Creating reports with Tanagra
Reporting is a true test of differentiation between software data mining vocational and those derived from research. To a practitioner (eg research officer), it is important to be able to easily recover the result of his work in a process text or in a slideshow. The case becomes particularly interesting when it already has an output in spreadsheet format. Indeed the results are often presented in the form of various tables and possibly graphics. The ultimate is to define in advance models of relationships that are fed only at the end of the calculations and that can be printed directly.
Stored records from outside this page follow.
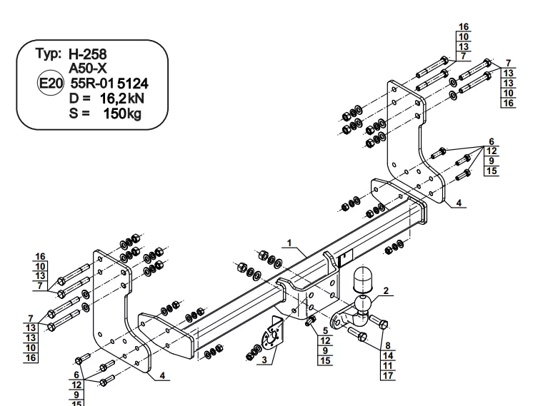 - D Value: 16.20 kN (Theoretical related force working on a ball hook)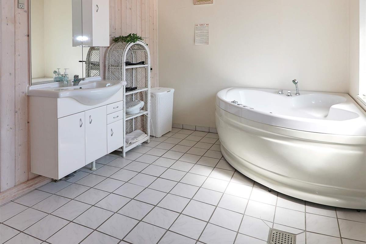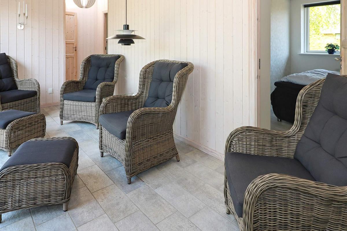 Dieses Ferienhaus mit Whirlpool liegt nur wenige Gehminuten vom Strand und der Stadt Øster Hurup entfernt und bietet Komfort und eine entspannte Atmosphäre. Das geräumige und helle Wohnzimmer ist offen zur Küche und zum Essbereich und schafft so einen einladenden Raum für Familienleben und geselliges Beisammensein. Vom Wohnbereich aus haben Sie Zugang zu einem großen Wintergarten und einer Terrasse, ideal, um die Natur bequem zu genießen.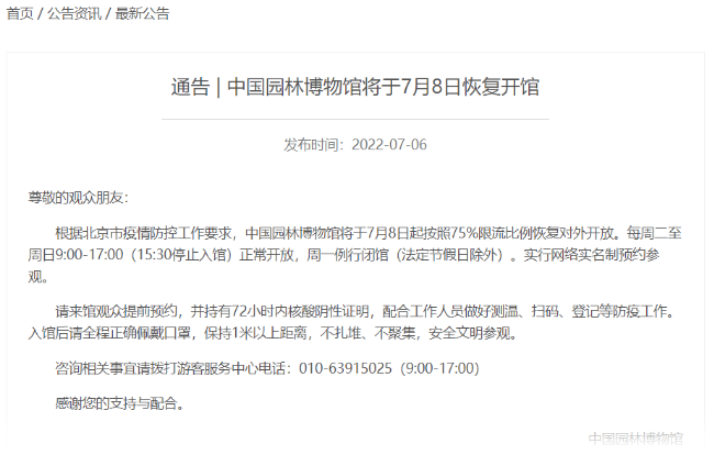 中國(guó)園林博物館發(fā)布最新消息,根據(jù)北京市疫情防控工作要求,中國(guó)園林博物館7月8日起按照75%限流比例恢復(fù)對(duì)外開放。

For the researcher who develops tools, it is all well and good, but this is absolutely not recoverable academically. I see very bad for me to propose an article in a magazine showing that I am able to automatically integrate 3D pie charts in a PDF file. Of Indeed, the tools developed by researchers often simply outputs text, certainly comprehensive, but not presentable in the state reports to be disseminated widely. The outputs of R or Weka are a good example.
Tanagra, created by a teacher researcher, follows the same approach. Nothing was initially planned for the reporting. And yet, paradoxically, he suggested in one of its menus (DIAGRAM / CREATE REPORT) a tool for creating reports. This is the happy consequence of technology choice made when writing the specifications of the software.
Let's go back to understand the process. When I wrote SIPINA (version 3.x), I realized that the construction of the display windows of the results took me a lot of time, rather than writing algorithms for calculations. In my view, this was not a good thing because I am away from my main concern: to understand the methods, implement, evaluate, discuss. When I thought about the specifications of Tanagra, I thought it was absolutely necessary to define a display standardized necessarily with text output, but nevertheless have a relatively attrayante. Et là, j'ai redécouvert le HTML. C'est un peu amusant à dire, surtout en 2003. Le HTML permet de faire un effort minimum de description des sorties, une seule méthode dans la classe de calcul suffit (un peu comme Weka pour ceux qui sont allés voir le code source), tout en obtenant une présentation avenante. De plus, il est possible de mettre en évidence les informations importantes à lire en priorité. Par exemple, rien que pouvoir attribuer des codes couleurs à des tranches de p-value est infiniment précieux.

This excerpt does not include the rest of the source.